I am officially 43 years old! Yay! Leveled up again!
This is on the 27th where I had myself a nice glass of Merlot wine with The Wand Wine Filter by PureWine so that I do not get a migraine from the wine. I had gotten rid of the migraine I had early that morning and I didn’t know of my birthday would be a bad migraine day… so I had myself some wine the day before. 1 glass because my vestibular disorder doesn’t really allow for much more than that… felt like 4. I really did enjoy it though. Turns out I like Merlot. Who knew? Before those wine wands I couldn’t have wine so I do not quite know my tastes yet. It is an adventure.
Bubble bath bliss
I got this in the mail from my mom. And so early this morning I had myself a nice Epsom salt bath with that eucalyptus bubble bath and some peppermint body wash I had. I nice start to a hermit birthday, I’d say.

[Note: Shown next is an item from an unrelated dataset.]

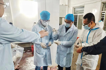 赵思俊、张衍海一行深入连城更旺生态养殖有限公司(生猪养殖场)、连城县晟达生物科技有限公司(无害化处理厂)、连城县莲峰生猪定点屠宰场(屠宰场)、连城县西门市场(农贸市场)进行现场采样。本次共采集生猪耳尖、鼻肛拭子、血液、组织以及环境样品等共计214份。
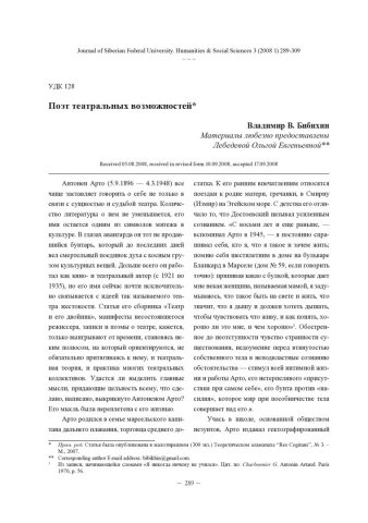 Библиографическое описание:Бибихин, Владимир. Поэт театральных возможностей = The poet with theatrical possibilities / В. В. Бибихин. - Текст : непосредственный // Журнал Сибирского федерального университета. Гуманитарные науки. - 2008. - Т. 1, № 3. - С. 289-309. - ISSN 1997-1370.

And then a nap, of course.
Flower and THE CAKE
My spouse went out to get me cake and brought home cake and flowers! And I had cake for lunch… just because I could dang it!
And then another nap, of course.
Chilling’ with some hobbies
I did this quick sketch. I may touch it up tomorrow on some of the lines and shadow work but it turned out rather well. And I find it relaxing to work on drawing. A lot of focus goes into it and you just zen out.
I read some of the book I am into at the moment.
Fire outside in the backyard
So we actually sat outside and had a nice fire. I had two glasses of wine and chilled. We ordered fast food because we didn’t want to cook.
I do think I may not be able to drink wine or maybe even alcohol at all anymore if this is the effect it has on me. I had treated my migraine so that was good. But I felt so much more dizzy after those 2 drinks. And then well past sober that much more severe dizziness and vertigo spins remained. And I didn’t much like that. So I may be super sensitive to that. No sure it is worth it really. So may need to skip that step from now on. And I rarely drink as is… so I guess I won’t really miss it.
It was a wonderful day. A very nice end to the day with the fire. I enjoyed my mellow day really.
It turned out to be a nice mellow, introvert birthday. I know I couldn’t spend it with family or my friends. But I made the best damn day out of it I could and I had a damn good day. So there is that. And that counts.